• How/where to find relevant TCL code examples

    From Richard Owlett@21:1/5 to All on Sat Feb 25 06:05:12 2023
    I was introduced to TCL a few years ago but never gained fluency.
    I didn't have any target problem to solve so interest waned.
    Now there is one. A subset of it needs to take an mbox formatted file
    and determine word frequencies in the individual include message bodies.

    I'd like to see examples of determining word frequencies in plain text
    files < 10 kbytes >.

    Looking at them will hopefully recognition of problems to be solved in
    real world.

    Suggestions?
    TIA

    --- SoupGate-Win32 v1.05
    * Origin: fsxNet Usenet Gateway (21:1/5)
  • From Arjen Markus@21:1/5 to Richard Owlett on Sat Feb 25 04:30:47 2023
    On Saturday, February 25, 2023 at 1:05:27 PM UTC+1, Richard Owlett wrote:
    I was introduced to TCL a few years ago but never gained fluency.
    I didn't have any target problem to solve so interest waned.
    Now there is one.
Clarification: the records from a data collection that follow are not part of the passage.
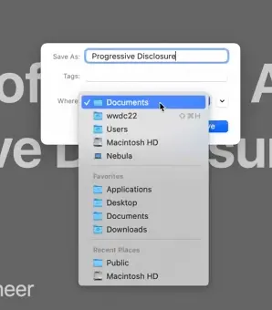 Progressive Disclosure는 API 설계에서만 사용하는 용어가 아니라고 해요. 일반적인 macOS UI에서도 볼 수 있는 개념입니다.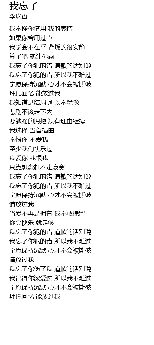| [03:14.36] | 我忘了你犯的错 所以我不难过 |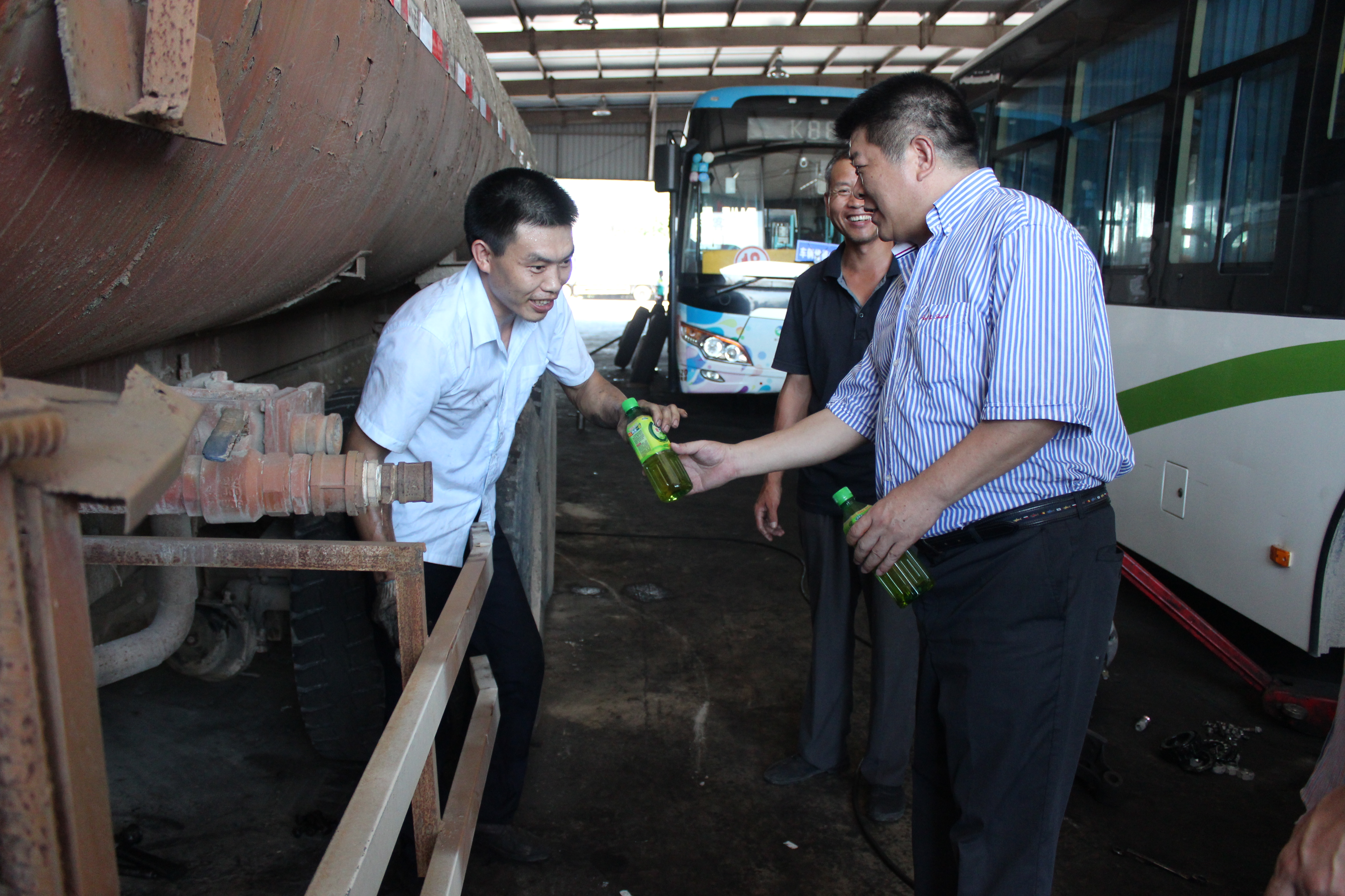 7月3日上午,集團(tuán)公司領(lǐng)導(dǎo)率3個送涼小組,帶著冰紅茶、冰綠茶等清涼飲品,到各基層單位慰問一線員工。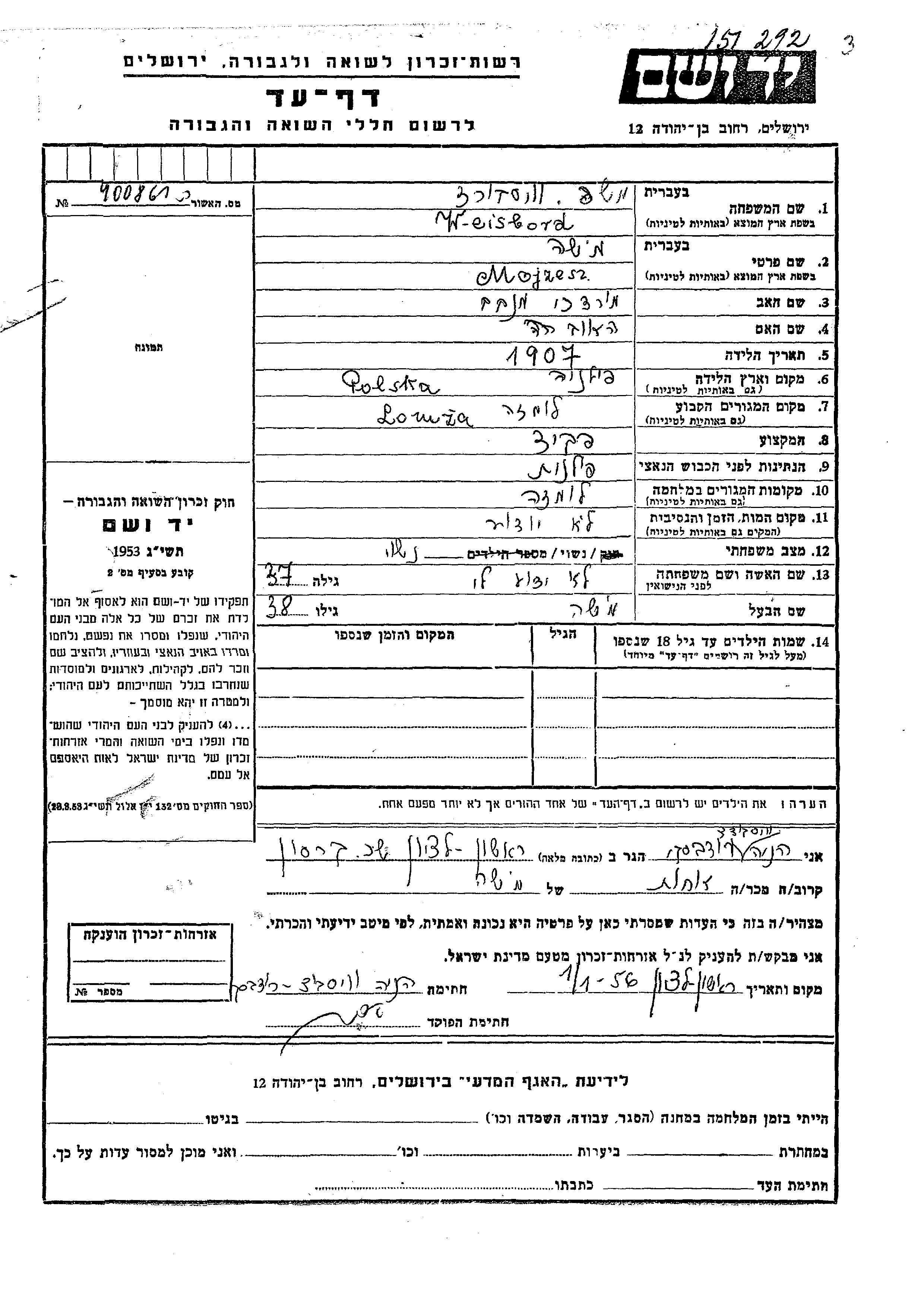 Мойжеш Миша Вайсборд, место рождения: Польша. Отец: Мордехай Менахем, mать:Ахува. Клерк. Женат / замужем. Место жительства до войны: Ломжа, Польша. Место во время войны: Ломжа, Польша.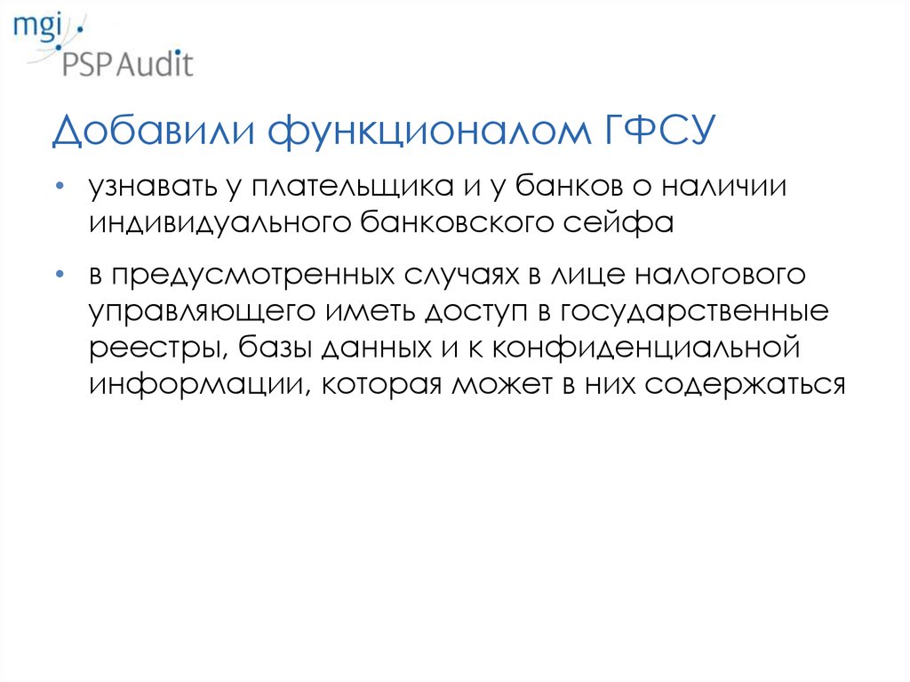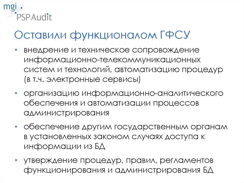 Оставили функционалом ГФСУ• внедрение и техническое сопровождение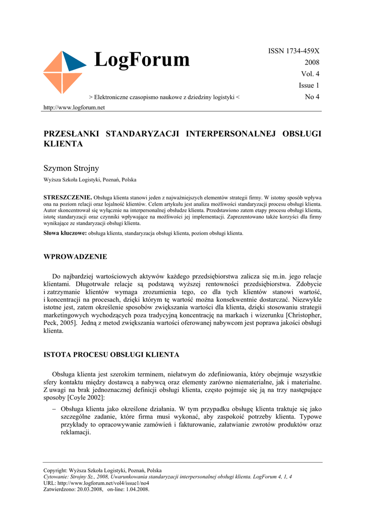 LogForum ISSN 1734-459X 2008 Vol. 4 Issue 1 > Elektroniczne czasopismo naukowe z dziedziny logistyki < No 4 http://www.logforum.net PRZESŁANKI STANDARYZACJI INTERPERSONALNEJ OBSŁUGI KLIENTA Szymon Strojny Wyższa Szkoła Logistyki, Poznań, Polska STRESZCZENIE. Obsługa klienta stanowi jeden z najważniejszych elementów strategii firmy. W istotny sposób wpływa ona na poziom relacji oraz lojalność klientów. Celem artykułu jest analiza możliwości standaryzacji procesu obsługi klienta. Autor skoncentrował się wyłącznie na interpersonalnej obsłudze klienta. Przedstawiono zatem etapy procesu obsługi klienta, istotę standaryzacji oraz czynniki wpływające na możliwości jej implementacji. Zaprezentowano także korzyści dla firmy wynikające ze standaryzacji obsługi klienta. Słowa kluczowe: obsługa klienta, standaryzacja obsługi klienta, poziom obsługi klienta. WPROWADZENIE Do najbardziej wartościowych aktywów każdego przedsiębiorstwa zalicza się m.in. jego relacje klientami. Długotrwałe relacje są podstawą wyższej rentowności przedsiębiorstwa. Zdobycie i zatrzymanie klientów wymaga zrozumienia tego, co dla tych klientów stanowi wartość, i koncentracji na procesach, dzięki którym tę wartość można konsekwentnie dostarczać. Niezwykle istotne jest, zatem określenie sposobów zwiększania wartości dla klienta, dzięki stosowaniu strategii marketingowych wychodzących poza tradycyjną koncentrację na markach i wizerunku [Christopher, Peck, 2005]. Jedną z metod zwiększania wartości oferowanej nabywcom jest poprawa jakości obsługi klienta. ISTOTA PROCESU OBSŁUGI KLIENTA Obsługa klienta jest szerokim terminem, niełatwym do zdefiniowania, który obejmuje wszystkie sfery kontaktu między dostawcą a nabywcą oraz elementy zarówno niematerialne, jak i materialne. Z uwagi na brak jednoznacznej definicji obsługi klienta, często pojmuje się ją na trzy następujące sposoby [Coyle 2002]: − Obsługa klienta jako określone działania. W tym przypadku obsługę klienta traktuje się jako szczególne zadanie, które firma musi wykonać, aby zaspokoić potrzeby klienta. Typowe przykłady to opracowywanie zamówień i fakturowanie, załatwianie zwrotów produktów oraz reklamacji. Copyright: Wyższa Szkoła Logistyki, Poznań, Polska Cytowanie: Strojny Sz., 2008, Uwarunkowania standaryzacji interpersonalnej obsługi klienta. LogForum 4, 1, 4 URL: http://www.logforum.net/vol4/issue1/no4 Zatwierdzono: 20.03.2008, on-line: 1.04.2008. Strojny Sz., 2008, Uwarunkowania standaryzacji interpersonalnej obsługi klienta. LogForum 4, 1, 4. URL: http://www.logforum.net/vol4/issue1/no4 − Obsługa klienta jako pomiar wykonania działań. Obsługę klienta rozpatruje się tu w kategoriach określonych mierników realizacji wyników działań, takich jak odsetek zamówień dostarczonych terminowo i w całości oraz liczba zamówień opracowanych w przewidywanym czasie. − Obsługa klienta jako filozofia. Na tym poziomie rozumienia, obsługę klienta podnosi się do rangi zobowiązania, za które odpowiedzialna jest cała firma. Polega ona na zapewnieniu klientowi satysfakcji dzięki możliwie najlepszej obsłudze. W szeroko rozumianej obsłudze klienta bierze się pod uwagę wszystkie trzy opisane sposoby, począwszy od ostatniego. I tak, w pierwszym etapie przedsiębiorstwo przyjmuje filozofię całkowicie zorientowaną na klienta. Oznacza to, że potrzeby klienta stanowią punkt wyjścia w planowaniu strategii firmy, a zasobami kieruje się tak, aby te potrzeby rozpoznać i zaspokoić. W drugim etapie określa się standardy i mierniki, oceniające wykonanie poszczególnych elementów obsługi. Są one z natury mierzalne i łatwo poddają się standaryzacji. Następnie identyfikuje się kilka elementów ważnych w obsłudze i określa ich relatywne znaczenie. Z kolei w końcowym, trzecim etapie ustala się przebieg procesu obsługi klienta, który pozwoli na wykonanie i ocenę poszczególnych działań związanych z obsługą. Wspomniany proces obsługi jest punktem wyjścia do bardziej szczegółowych opracowań z zakresu problematyki obsługi klienta. Proces ten składa się z kilku elementów [Kempny 2001]. W literaturze przedmiotu autorzy najczęściej proponują podział elementów procesu obsługi klienta na trzy grupy: przedtransakcyjne, transakcyjne i potransakcyjne. 1. Przedtransakcyjne elementy obsługi klienta [Rutkowski et al 2001]. Są to elementy związane z przygotowaniem przedsiębiorstwa do obsługi. Odgrywają one ogromna rolę w kształtowaniu oczekiwań klienta, wpływają na jego postrzeganie firmy, a także satysfakcję z oferty. Są to działania nierutynowe, wymagające całościowego spojrzenia na firmę i w związku z tym ich przygotowanie, z reguły, powierza się naczelnej kadrze zarządzającej. Do kluczowych elementów należy zaliczyć: − Przygotowanie standardów obsługi klienta. Przygotowując taka politykę należy dokładnie rozpoznać potrzeby i preferencje klientów, do których adresowana jest oferta firmy, oraz to jak te potrzeby mogą różnić się pomiędzy poszczególnymi segmentami klientów. Następnie należy zdefiniować cele, które ma realizować polityka obsługi klienta i dopiero wówczas projektować standardy obsługi klienta. Polityka obsługi klienta powinna zawierać zdefiniowane mierniki umożliwiające monitorowanie oferowanego poziomu usług, częstotliwość ich pomiaru a także działania, które należy podjąć w wypadku ich odchylenia od ustalonej normy. − Udostępnienie klientowi pisemnej wersji księgi obsługi klienta. Obsługa klienta jest usługą, która już ze swej definicji jest niematerialna i jej zakup wiąże się dla klienta z ryzykiem. Przedstawienie klientowi polityki firmy w zakresie obsługi klienta pozwala mu zapoznać się z ofertą firmy w zakresie jego obsługi i tym samym zminimalizować swą niepewność. − Dostosowanie struktury organizacyjnej. Kształtując strukt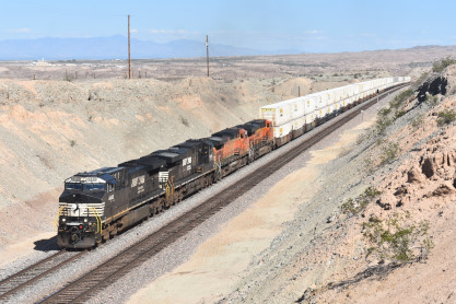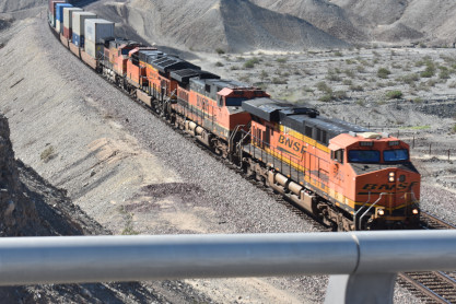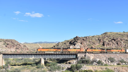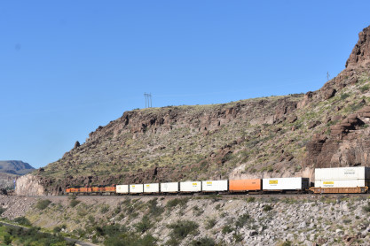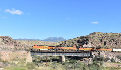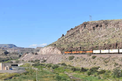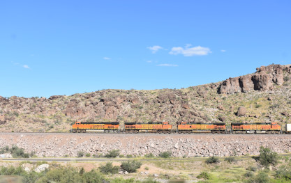 I crossed the road and just managed to get BNSF 5856 East with the guard rail, as this train silently snuck up on us. After that we crossed the Colorado River into Arizona and drove most of the way to Kingman, where we took the road through Kingman Canyon and had another train.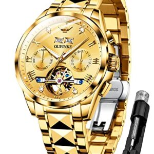 OUPINKE Swiss Brand Mens Automatic Watches Skeleton Tourbillon Self Winding Luxury Sapphire Crystal Business Dress Wristwatch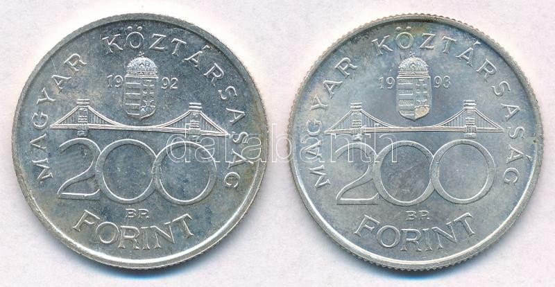 Leírás: 1992-1993. 200Ft Ag "MNB" (2x) T:1-,2 patina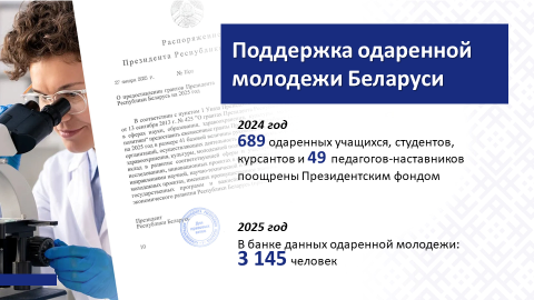 Особое внимание уделяется государственной поддержке одаренных учащихся и студентов. Действует специальный фонд Президента Республики Беларусь по социальной поддержке одаренных учащихся и студентов, из средств которого 17 июля 2025 г. назначены очередные стипенд 192 студентам УВО назначены стипендии Президента. Гранд-премий с присвоением звания лауреата специального фонда удостоены 28 победителей международных олимпиад и конкурсов.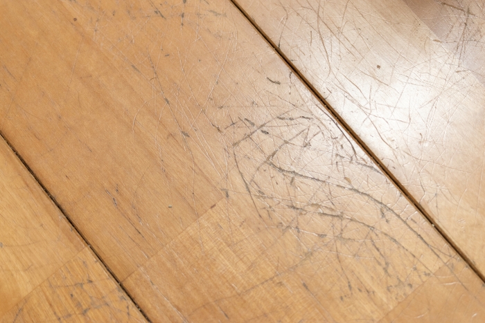 知らぬ間にキャスター付きの椅子で床に傷がついていることを発見。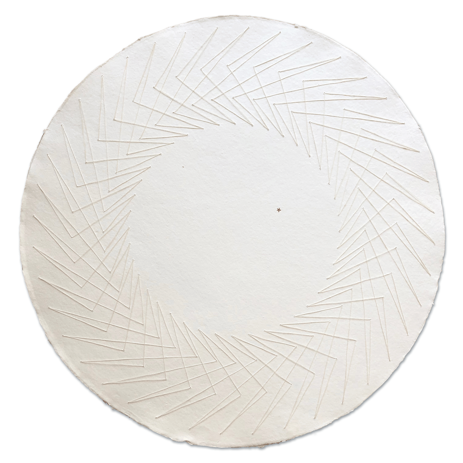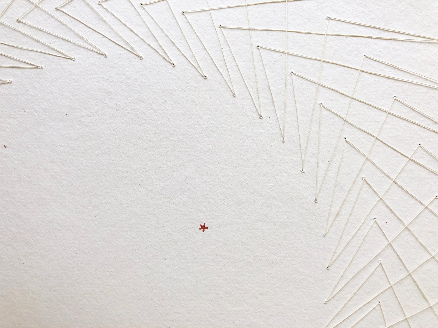 Linen thread and earth pigment on Khadi paper. Ø 55cm.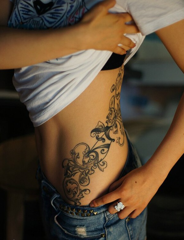 女性腰部莲花花纹刺青_腰部纹身图案大全_纹身图吧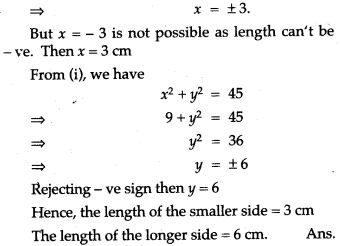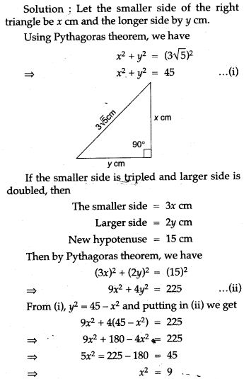 Question 1. The hypotenuse of a right angled triangle is 3√5. If the smaller side is tripled and the larger side is doubled, the new hypotenuse will be 15 cm. Find the length of each side.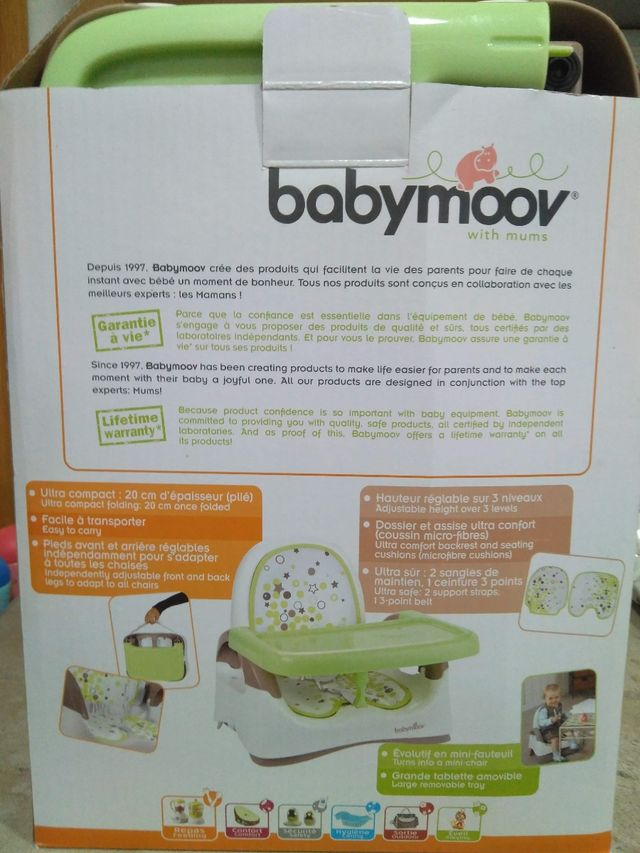 Rehausseur Compact BabyMoov, ideal para niños a partir de 1 año. Se pliega fácilmente para un transporte cómodo. Tiene altura regulable en 3 niveles y arnés de seguridad. Incluye bandeja extraíble. Está en muy buen estado, apenas se ha usado.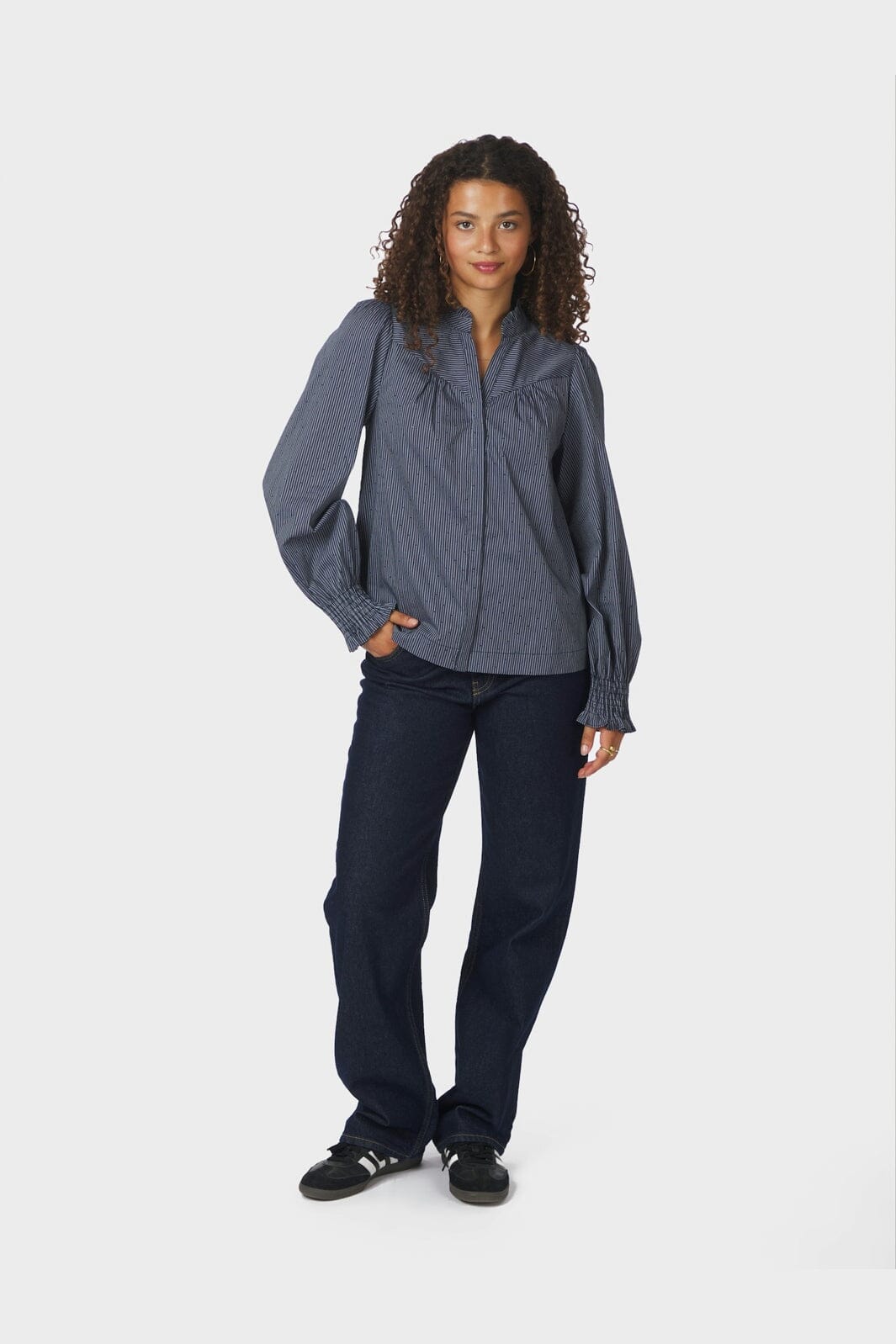 Mørkeblå stribet bluse fra Neo Noir med høj hals og lange ærmer. Blusen har smockmanchetter og en lille flæsekrave samt knapper foran til lukning.

A subset of it needs to take an mbox formatted file
    and determine word frequencies in the individual include message bodies.

    I'd like to see examples of determining word frequencies in plain text
    files < 10 kbytes >.

    Looking at them will hopefully recognition of problems to be solved in
    real world.

    Suggestions?
    TIA

    You can look at the Wiki - wiki.tcl-lang.org - and the tutorial there.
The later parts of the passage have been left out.